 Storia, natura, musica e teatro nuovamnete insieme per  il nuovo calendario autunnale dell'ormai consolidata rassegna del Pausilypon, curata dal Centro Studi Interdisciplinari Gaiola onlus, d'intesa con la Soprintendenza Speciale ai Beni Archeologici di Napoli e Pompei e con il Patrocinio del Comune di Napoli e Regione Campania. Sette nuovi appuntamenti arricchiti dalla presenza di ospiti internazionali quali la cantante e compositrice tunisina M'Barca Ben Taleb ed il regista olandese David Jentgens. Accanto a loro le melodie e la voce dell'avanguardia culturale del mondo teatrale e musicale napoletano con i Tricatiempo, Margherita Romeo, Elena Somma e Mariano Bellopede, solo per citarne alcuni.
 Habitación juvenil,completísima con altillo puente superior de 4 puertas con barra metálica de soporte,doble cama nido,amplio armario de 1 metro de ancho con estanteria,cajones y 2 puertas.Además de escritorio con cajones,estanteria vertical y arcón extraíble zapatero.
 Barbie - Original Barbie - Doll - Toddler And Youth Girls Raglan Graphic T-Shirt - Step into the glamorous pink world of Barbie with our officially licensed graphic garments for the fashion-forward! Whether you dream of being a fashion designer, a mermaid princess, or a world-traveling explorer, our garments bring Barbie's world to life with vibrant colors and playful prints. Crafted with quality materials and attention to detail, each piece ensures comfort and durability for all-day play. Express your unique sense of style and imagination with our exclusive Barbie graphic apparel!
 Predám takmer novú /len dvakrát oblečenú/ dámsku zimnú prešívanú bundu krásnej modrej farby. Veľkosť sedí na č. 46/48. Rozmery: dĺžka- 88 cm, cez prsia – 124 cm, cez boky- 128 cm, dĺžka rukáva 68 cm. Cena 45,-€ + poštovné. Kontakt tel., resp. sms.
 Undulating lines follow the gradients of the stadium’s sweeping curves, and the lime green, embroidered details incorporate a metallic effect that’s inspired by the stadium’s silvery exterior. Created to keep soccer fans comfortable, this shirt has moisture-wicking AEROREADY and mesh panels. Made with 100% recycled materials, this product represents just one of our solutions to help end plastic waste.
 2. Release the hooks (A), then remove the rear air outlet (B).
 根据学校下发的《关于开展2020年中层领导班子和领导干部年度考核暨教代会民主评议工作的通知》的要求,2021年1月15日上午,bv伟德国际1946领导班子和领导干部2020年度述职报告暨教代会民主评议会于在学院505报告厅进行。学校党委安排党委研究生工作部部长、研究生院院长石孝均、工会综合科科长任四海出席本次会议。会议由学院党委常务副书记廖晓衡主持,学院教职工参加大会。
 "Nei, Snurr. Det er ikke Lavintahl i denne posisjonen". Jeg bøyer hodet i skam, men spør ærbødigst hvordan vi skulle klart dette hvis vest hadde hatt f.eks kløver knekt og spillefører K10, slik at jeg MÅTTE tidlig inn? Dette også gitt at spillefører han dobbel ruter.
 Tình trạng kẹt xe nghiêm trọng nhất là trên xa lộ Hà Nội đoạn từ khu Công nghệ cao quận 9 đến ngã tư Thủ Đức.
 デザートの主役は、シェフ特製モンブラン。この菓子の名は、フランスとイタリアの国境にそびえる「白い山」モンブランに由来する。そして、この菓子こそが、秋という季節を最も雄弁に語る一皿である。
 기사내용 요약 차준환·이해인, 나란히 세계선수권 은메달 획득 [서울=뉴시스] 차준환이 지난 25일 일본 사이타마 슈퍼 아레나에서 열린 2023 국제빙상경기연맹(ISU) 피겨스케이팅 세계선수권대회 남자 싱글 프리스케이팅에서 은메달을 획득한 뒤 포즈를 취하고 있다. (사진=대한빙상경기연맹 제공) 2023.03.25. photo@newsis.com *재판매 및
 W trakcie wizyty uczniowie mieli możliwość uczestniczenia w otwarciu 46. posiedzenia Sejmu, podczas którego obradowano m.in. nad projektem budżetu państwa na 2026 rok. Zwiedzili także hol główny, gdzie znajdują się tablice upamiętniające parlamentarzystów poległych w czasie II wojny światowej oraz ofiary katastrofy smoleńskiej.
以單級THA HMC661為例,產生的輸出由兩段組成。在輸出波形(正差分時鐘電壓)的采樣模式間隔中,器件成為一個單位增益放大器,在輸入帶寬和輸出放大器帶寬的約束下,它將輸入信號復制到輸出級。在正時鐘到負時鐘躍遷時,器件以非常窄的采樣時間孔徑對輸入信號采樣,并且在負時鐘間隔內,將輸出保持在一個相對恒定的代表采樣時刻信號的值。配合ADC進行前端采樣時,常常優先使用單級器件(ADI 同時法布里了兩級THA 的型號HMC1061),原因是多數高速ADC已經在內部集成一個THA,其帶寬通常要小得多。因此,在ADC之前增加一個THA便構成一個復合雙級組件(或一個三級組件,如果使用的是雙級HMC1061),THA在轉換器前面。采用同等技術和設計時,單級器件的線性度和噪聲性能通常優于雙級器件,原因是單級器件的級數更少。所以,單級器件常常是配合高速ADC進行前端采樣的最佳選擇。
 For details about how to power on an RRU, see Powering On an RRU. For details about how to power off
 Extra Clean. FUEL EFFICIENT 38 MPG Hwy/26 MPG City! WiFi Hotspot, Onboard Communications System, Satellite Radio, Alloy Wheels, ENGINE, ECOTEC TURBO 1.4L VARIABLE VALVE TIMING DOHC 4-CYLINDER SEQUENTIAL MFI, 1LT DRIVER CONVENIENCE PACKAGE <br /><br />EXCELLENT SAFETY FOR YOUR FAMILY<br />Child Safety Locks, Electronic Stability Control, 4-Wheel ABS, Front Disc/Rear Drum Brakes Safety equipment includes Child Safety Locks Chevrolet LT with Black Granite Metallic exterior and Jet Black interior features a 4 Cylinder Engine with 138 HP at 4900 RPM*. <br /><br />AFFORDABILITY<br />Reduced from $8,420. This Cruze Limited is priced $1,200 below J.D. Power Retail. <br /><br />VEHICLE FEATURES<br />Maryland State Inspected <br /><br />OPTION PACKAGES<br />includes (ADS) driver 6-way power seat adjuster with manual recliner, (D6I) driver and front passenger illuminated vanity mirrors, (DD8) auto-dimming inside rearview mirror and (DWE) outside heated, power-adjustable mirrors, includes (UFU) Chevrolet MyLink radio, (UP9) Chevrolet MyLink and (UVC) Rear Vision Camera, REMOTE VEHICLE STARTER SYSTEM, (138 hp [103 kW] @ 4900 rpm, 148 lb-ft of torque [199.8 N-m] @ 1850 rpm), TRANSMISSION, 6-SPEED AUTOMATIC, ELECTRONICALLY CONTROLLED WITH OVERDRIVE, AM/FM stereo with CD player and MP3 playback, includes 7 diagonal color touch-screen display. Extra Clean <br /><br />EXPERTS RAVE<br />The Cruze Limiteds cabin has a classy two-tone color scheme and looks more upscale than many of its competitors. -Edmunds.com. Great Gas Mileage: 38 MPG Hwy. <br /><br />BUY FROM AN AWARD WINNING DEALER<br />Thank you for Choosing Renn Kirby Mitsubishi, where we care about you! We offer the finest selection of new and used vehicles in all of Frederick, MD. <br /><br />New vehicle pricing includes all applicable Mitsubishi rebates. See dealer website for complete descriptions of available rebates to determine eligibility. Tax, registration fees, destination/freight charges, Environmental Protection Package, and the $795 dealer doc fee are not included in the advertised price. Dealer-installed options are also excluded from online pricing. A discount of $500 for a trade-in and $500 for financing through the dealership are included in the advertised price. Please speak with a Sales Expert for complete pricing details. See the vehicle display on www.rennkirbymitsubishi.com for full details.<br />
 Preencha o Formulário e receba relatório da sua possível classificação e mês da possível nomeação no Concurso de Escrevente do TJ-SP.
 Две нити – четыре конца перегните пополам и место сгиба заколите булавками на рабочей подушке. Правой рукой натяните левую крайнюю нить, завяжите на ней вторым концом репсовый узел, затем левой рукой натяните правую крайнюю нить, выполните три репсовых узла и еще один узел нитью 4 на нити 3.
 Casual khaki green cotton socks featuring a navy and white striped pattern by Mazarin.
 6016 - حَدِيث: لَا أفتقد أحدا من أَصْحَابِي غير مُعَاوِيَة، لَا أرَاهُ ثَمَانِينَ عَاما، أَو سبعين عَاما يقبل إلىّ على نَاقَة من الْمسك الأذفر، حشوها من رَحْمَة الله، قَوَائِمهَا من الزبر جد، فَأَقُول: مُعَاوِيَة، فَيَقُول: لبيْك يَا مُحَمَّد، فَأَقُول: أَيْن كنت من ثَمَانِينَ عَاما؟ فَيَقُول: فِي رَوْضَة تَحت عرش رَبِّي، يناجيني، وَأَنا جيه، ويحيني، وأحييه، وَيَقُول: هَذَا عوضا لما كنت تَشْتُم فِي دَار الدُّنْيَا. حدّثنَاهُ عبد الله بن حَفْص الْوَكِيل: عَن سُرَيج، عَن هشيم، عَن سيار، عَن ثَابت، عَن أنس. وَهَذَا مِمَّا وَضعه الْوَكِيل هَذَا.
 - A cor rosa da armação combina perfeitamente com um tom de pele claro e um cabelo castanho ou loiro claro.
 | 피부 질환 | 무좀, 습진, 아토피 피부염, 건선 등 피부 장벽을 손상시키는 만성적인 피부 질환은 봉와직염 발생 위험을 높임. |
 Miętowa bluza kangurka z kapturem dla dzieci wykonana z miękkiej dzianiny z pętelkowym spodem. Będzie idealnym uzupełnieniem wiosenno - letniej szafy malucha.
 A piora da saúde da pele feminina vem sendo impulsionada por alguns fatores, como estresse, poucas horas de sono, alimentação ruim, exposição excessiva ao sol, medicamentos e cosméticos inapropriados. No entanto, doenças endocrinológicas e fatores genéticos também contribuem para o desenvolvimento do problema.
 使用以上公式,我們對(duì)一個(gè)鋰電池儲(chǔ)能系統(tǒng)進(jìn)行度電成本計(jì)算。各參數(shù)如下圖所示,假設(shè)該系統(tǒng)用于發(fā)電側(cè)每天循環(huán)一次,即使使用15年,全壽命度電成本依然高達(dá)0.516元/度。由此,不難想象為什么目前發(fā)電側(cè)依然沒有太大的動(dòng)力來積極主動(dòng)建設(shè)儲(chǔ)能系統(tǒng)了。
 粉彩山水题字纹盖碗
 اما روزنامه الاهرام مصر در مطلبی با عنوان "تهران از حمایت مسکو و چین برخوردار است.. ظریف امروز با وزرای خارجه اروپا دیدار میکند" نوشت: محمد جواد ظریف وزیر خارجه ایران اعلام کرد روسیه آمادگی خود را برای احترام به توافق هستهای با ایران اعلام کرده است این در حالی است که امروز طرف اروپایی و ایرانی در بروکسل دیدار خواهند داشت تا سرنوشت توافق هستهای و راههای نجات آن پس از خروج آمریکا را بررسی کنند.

- - -

* Problem
Only lines with the string "pele" belong in the answer; copy each of them from the listing.

* Finished task
 - A cor rosa da armação combina perfeitamente com um tom de pele claro e um cabelo castanho ou loiro claro.
 A piora da saúde da pele feminina vem sendo impulsionada por alguns fatores, como estresse, poucas horas de sono, alimentação ruim, exposição excessiva ao sol, medicamentos e cosméticos inapropriados. No entanto, doenças endocrinológicas e fatores genéticos também contribuem para o desenvolvimento do problema.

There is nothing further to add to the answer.